:: THE DATA
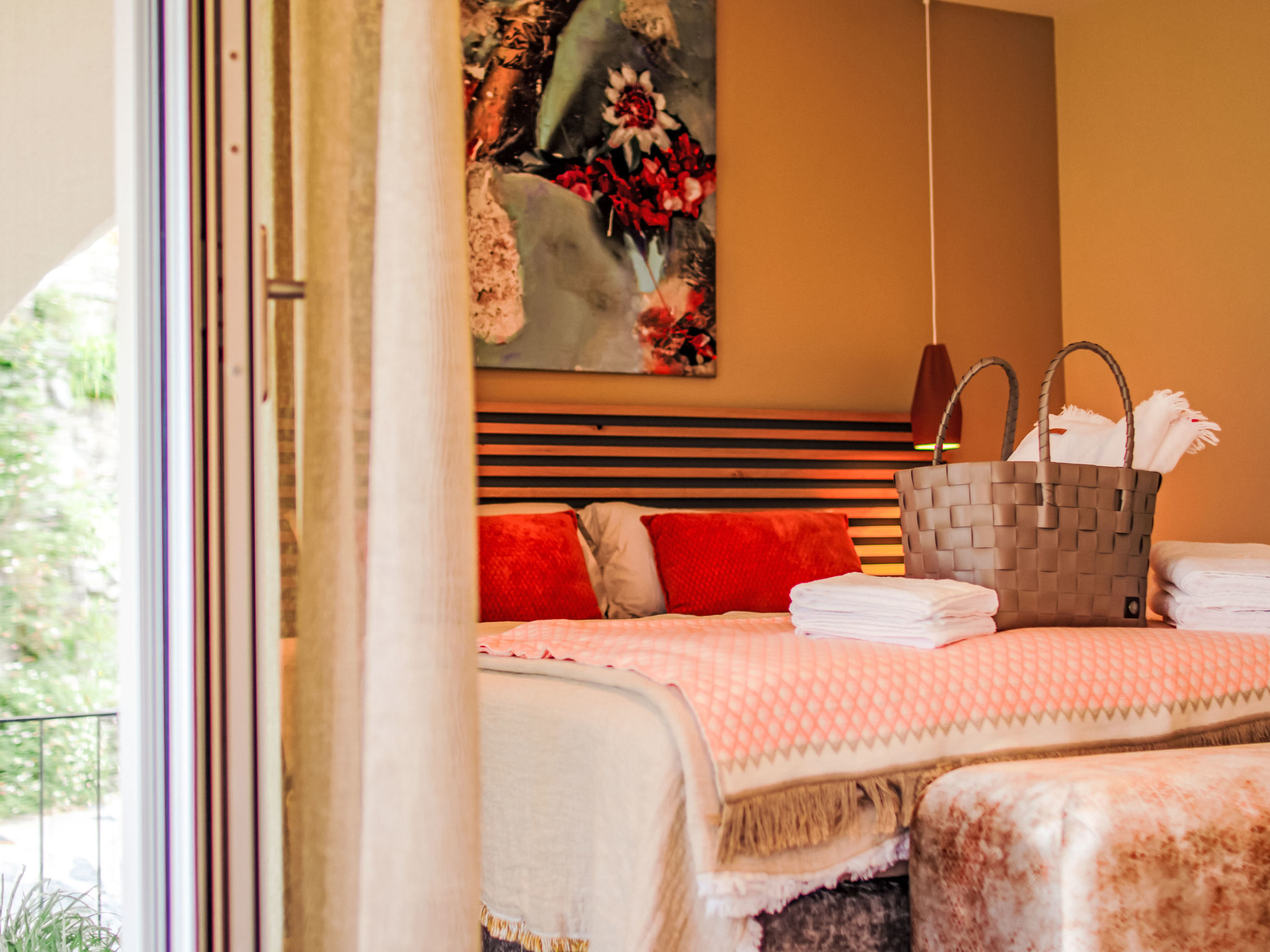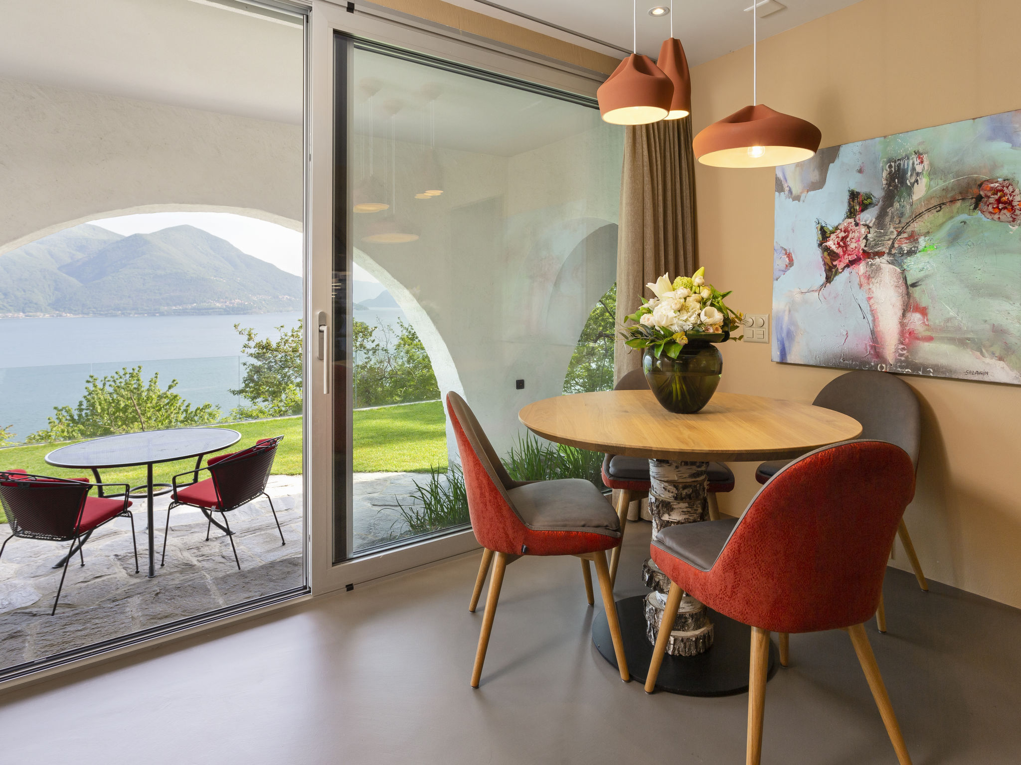 "Garden Suite", 2-Zimmer-Wohnung 40 m2, im Erdgeschoss, Südostlage. Geräumig und hell, vollständig renoviert im Jahre 2022, luxuriös und geschmackvoll eingerichtet: kleines Wohn-/Esszimmer mit Panoramafenster mit Esstisch. Ausgang zur Terrasse, zum Gartensitzplatz. 1 Doppelzimmer mit Panoramafenster mit 1 Doppelbett (2 x 80 cm, Länge 200 cm). Ausgang zur Terrasse, zum Gartensitzplatz. Kleine, offene Küche (Backofen, Geschirrspüler, 4 Glaskeramikplatten, Toaster, Wasserkocher, elektrische Kaffeemaschine, Kapseln für die Kaffeemaschine (Nespresso) gratis). Dusche/WC. Fussbodenheizung. Grosse Terrasse, Südwestlage, grosser Gartensitzplatz teilweise überdacht. Terrassenmöbel, Gartengrill, Liegestühle (2). Herrliche Panoramasicht auf den See, die Berge und die Landschaft. Zur Verfügung: Haartrockner. Internet (DSL/LAN, gratis). Bitte beachten: nicht geeignet für Kinder unter 14 Jahren. Nichtraucher-Unterkunft. Eigener Eingang. Die "cosy" Gardensuite lädt ein zum Verweilen und Seele baumeln lassen. Gönnen Sie sich eine wohltuende Auszeit hoch über dem Lago Maggiore! NL-00012626
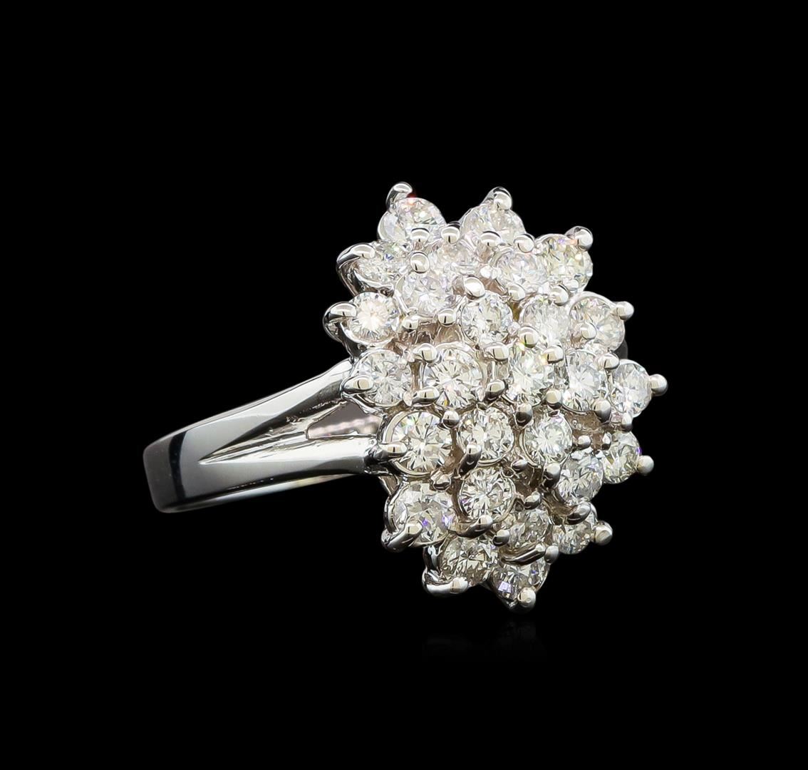 One electronically tested 14KT white gold ladies cast diamond ring with a bright polish finish. Identified with markings of "14K". Condition is new. Containing: Twenty-Seven prong set round brilliant cut diamonds, measuring 2.90 - 2.80 x 1.71mm (depth est.) approximate total weight of 27 Stones = 1.47ct. Clarity: SI-1 to SI-2. Color: G - H, Cut is Very Good. All diamonds are graded in the mounting, unless otherwise stated. Total Weight of Diamonds 1.47ct. Total Weight of Ring 6.20 grams. GGL Appraised at $4,130.00.
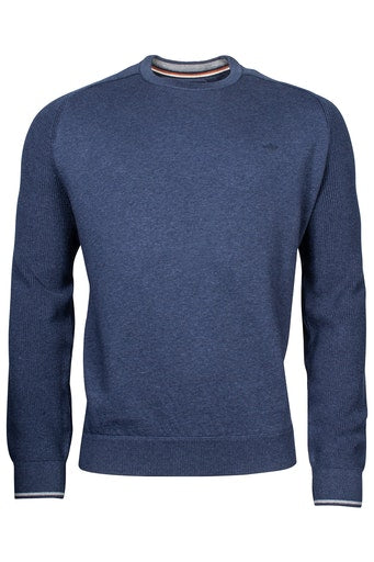Knitted Sleeve Cotton Crew Neck - Night Blue
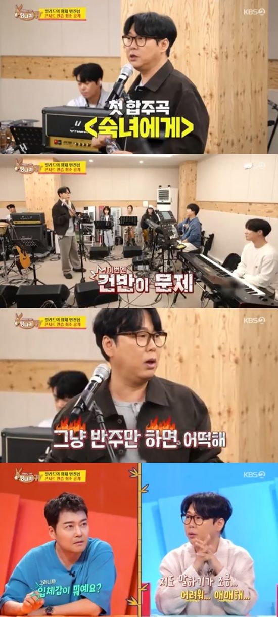 변진섭은 입체감에 대해 "우리 멤버들은 안다. 제가 하도 얘기를 해서"라며 "저도 말하기가 조금 어렵다. 그냥 연주하지 말고 여기에 빠져서 하자는 거다"라고 말했다.
::::
ABOUT THIS TASK: All of the material should be written out again exactly, apart from the pictures.

TASK OUTPUT:
 "Garden Suite", 2-Zimmer-Wohnung 40 m2, im Erdgeschoss, Südostlage. Geräumig und hell, vollständig renoviert im Jahre 2022, luxuriös und geschmackvoll eingerichtet: kleines Wohn-/Esszimmer mit Panoramafenster mit Esstisch. Ausgang zur Terrasse, zum Gartensitzplatz. 1 Doppelzimmer mit Panoramafenster mit 1 Doppelbett (2 x 80 cm, Länge 200 cm). Ausgang zur Terrasse, zum Gartensitzplatz. Kleine, offene Küche (Backofen, Geschirrspüler, 4 Glaskeramikplatten, Toaster, Wasserkocher, elektrische Kaffeemaschine, Kapseln für die Kaffeemaschine (Nespresso) gratis). Dusche/WC. Fussbodenheizung. Grosse Terrasse, Südwestlage, grosser Gartensitzplatz teilweise überdacht. Terrassenmöbel, Gartengrill, Liegestühle (2). Herrliche Panoramasicht auf den See, die Berge und die Landschaft. Zur Verfügung: Haartrockner. Internet (DSL/LAN, gratis). Bitte beachten: nicht geeignet für Kinder unter 14 Jahren. Nichtraucher-Unterkunft. Eigener Eingang. Die "cosy" Gardensuite lädt ein zum Verweilen und Seele baumeln lassen. Gönnen Sie sich eine wohltuende Auszeit hoch über dem Lago Maggiore! NL-00012626
 One electronically tested 14KT white gold ladies cast diamond ring with a bright polish finish. Identified with markings of "14K". Condition is new. Containing: Twenty-Seven prong set round brilliant cut diamonds, measuring 2.90 - 2.80 x 1.71mm (depth est.) approximate total weight of 27 Stones = 1.47ct. Clarity: SI-1 to SI-2. Color: G - H, Cut is Very Good. All diamonds are graded in the mounting, unless otherwise stated. Total Weight of Diamonds 1.47ct. Total Weight of Ring 6.20 grams. GGL Appraised at $4,130.00.
Knitted Sleeve Cotton Crew Neck - Night Blue
 변진섭은 입체감에 대해 "우리 멤버들은 안다. 제가 하도 얘기를 해서"라며 "저도 말하기가 조금 어렵다. 그냥 연주하지 말고 여기에 빠져서 하자는 거다"라고 말했다.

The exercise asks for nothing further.